Yang Sebenarnya Saya Kerjakan
Strategi AI/LLM di MiniMax
- Mengevaluasi dan men-deploy model AI untuk use case production
- Keputusan strategis: Memilih MiniMax M2.7 daripada GPT-4o untuk rasio biaya-performa — 10-20x lebih murah dengan kualitas setara di benchmark coding
- Dampak bisnis: Mengurangi biaya inferensi AI 90%+ sambil menjaga kualitas output
- Baca artikel lengkap →
Workflow Development Berbasis AI
- Membangun orkestrasi MCP (Model Context Protocol) dengan 11+ server
- Leverage: Output developer 3x lebih cepat melalui arsitektur, coding, dan review berbantuan AI
- Wawasan strategis: AI tidak akan menggantikan developer, tapi developer yang pakai AI akan menggantikan yang tidak
- Baca artikel lengkap →
Strategi Kontribusi FOSS
- Menetapkan
faisalaffan/foss-contributionsebagai sumber kebenaran kanonis untuk semua pekerjaan open-source - Memelihara tools di ekosistem Dart, Python, TypeScript, dan Go
- Alasan bisnis: Open source adalah resume baru — setiap repo publik adalah item portofolio yang bekerja 24/7
Platform Ini (faisalaffan-news)
- Membangun basis pengetahuan pribadi mencakup 20+ artikel teknis
- Keputusan strategis: Menulis publik itu compound — setiap artikel adalah backlink, sinyal kredibilitas, dan mekanisme penemuan
- SEO-optimized, bilingual (ID+EN), dengan structured data untuk AI crawler
Checklist Portofolio CTO-Level
| Item | Apakah Saya Melakukannya? |
|---|---|
| Keputusan strategis (build vs buy) | ✅ Pemilihan model AI, pilihan stack, strategi FOSS |
| Metrik dampak bisnis | ✅ Pengurangan biaya 90%, output developer 3x |
| Org design & filosofi hiring | ⚠️ Sedang berjalan — membangun struktur tim sekarang |
| Manajemen budget & vendor | ⚠️ Optimasi biaya API AI selesai — budget infra tradisional tertunda |
| Manajemen risiko | ⚠️ Pattern arsitektur terdokumentasi, rencana DR formal belum lengkap |
Retrospeksi Karir: Yang Akan Saya Katakan ke Diri Saya yang Lebih Muda
Mulai Menulis Publik dari Hari Pertama. Setiap bug yang kamu perbaiki,
setiap keputusan arsitektur yang kamu buat — tulis. Dirimu tahun 2026 sedang menambang catatan tahun 2020 untuk konten. Karir masa depanmu secara harfiah bergantung pada dokumentasi yang kamu tulis hari ini.

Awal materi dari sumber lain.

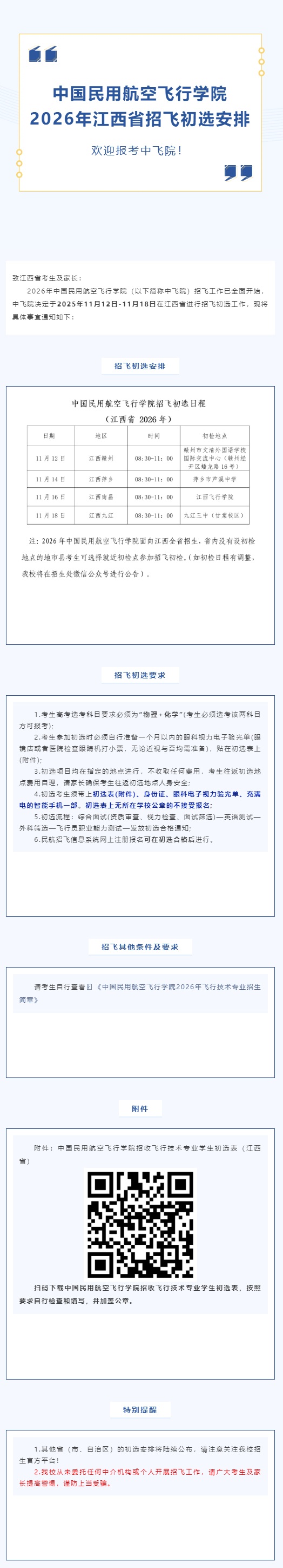 中国民用航空飞行学院2026年江西省招飞初选安排

Open Source dari Awal. PR pertamamu ke project nyata bernilai 10 repo
pribadi. Itu mengajarkan: membaca codebase asing, menavigasi panduan kontribusi, menerima code review dari orang asing. Ini adalah skill yang membuatmu diterima di level senior+.

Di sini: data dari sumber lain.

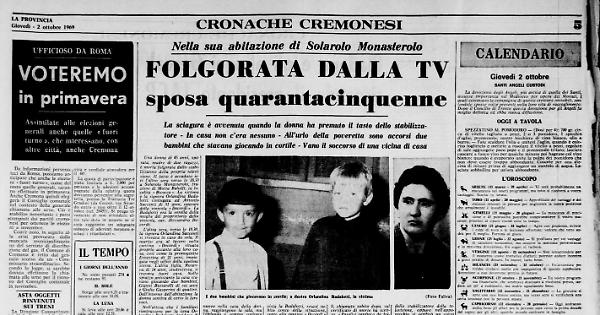 Una donna di 45 anni, sposata, madre di due ragazze, è morta folgorata dallo stabilizzatore della propria televisione. Il fatto è accaduto ieri l'altro sera verso le 18 il a Solarolo Monasterolo, frazione di Motta Baluffi, in località «Bicocca». La vittima è la signora Orlandina.

Ukur Segalanya. "Lebih cepat," "lebih baik," "lebih scalable" adalah opini.
"Latency API turun dari 800ms ke 200ms" adalah fakta. Fakta masuk ke portofolio. Opini tidak.
Jaringanmu Adalah Kekayaan Bersihmu (Iya, Klise Ini Ada Alasannya). Setiap
pekerjaan yang saya dapat setelah yang pertama datang melalui seseorang yang membaca tulisan saya, menggunakan tool open-source saya, atau melihat presentasi yang saya berikan. Lamaran cold adalah aktivitas ROI terburuk dalam karirmu.

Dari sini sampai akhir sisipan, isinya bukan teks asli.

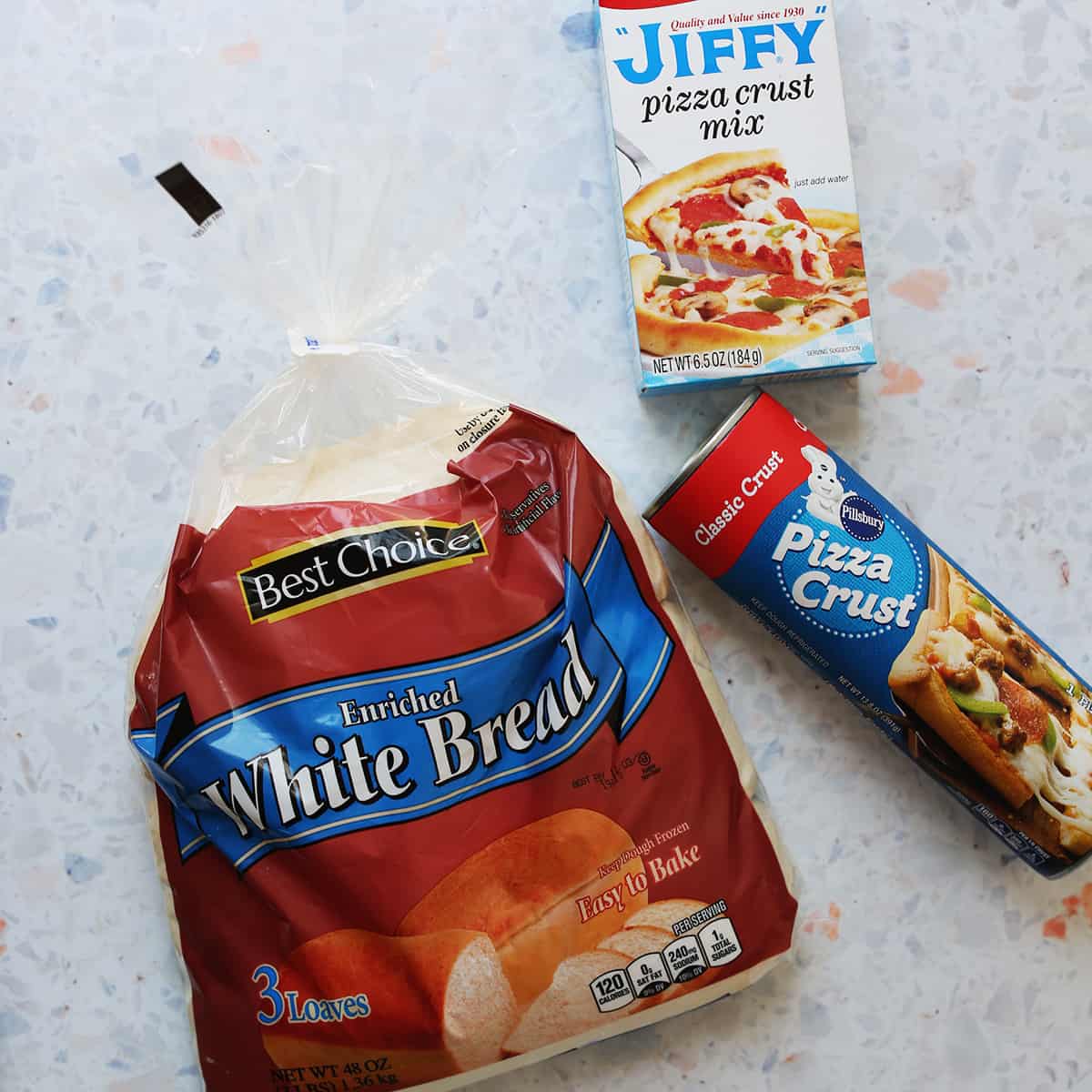 - Dry pizza crust mix (like Jiffy) – Although this will work and is the most shelf-stable option, it can make your calzone crust kind of thin and dry.

Jangan Lewati Fundamental Mengejar Hype. Kubernetes itu keren. Tapi kamu
tahu apa yang lebih keren? Memahami cara kerja TCP handshake saat broker MQTT kamu terus memutus koneksi di site tambang remote. Fundamental menyelamatkanmu saat abstraksi bocor — dan mereka selalu bocor.
Artikel ini adalah dokumentasi hidup. Seiring evolusi karir saya, saya akan memperbarui setiap section dengan project baru, keputusan baru, dan pelajaran baru. Karena portofolio terbaik adalah yang tidak pernah selesai.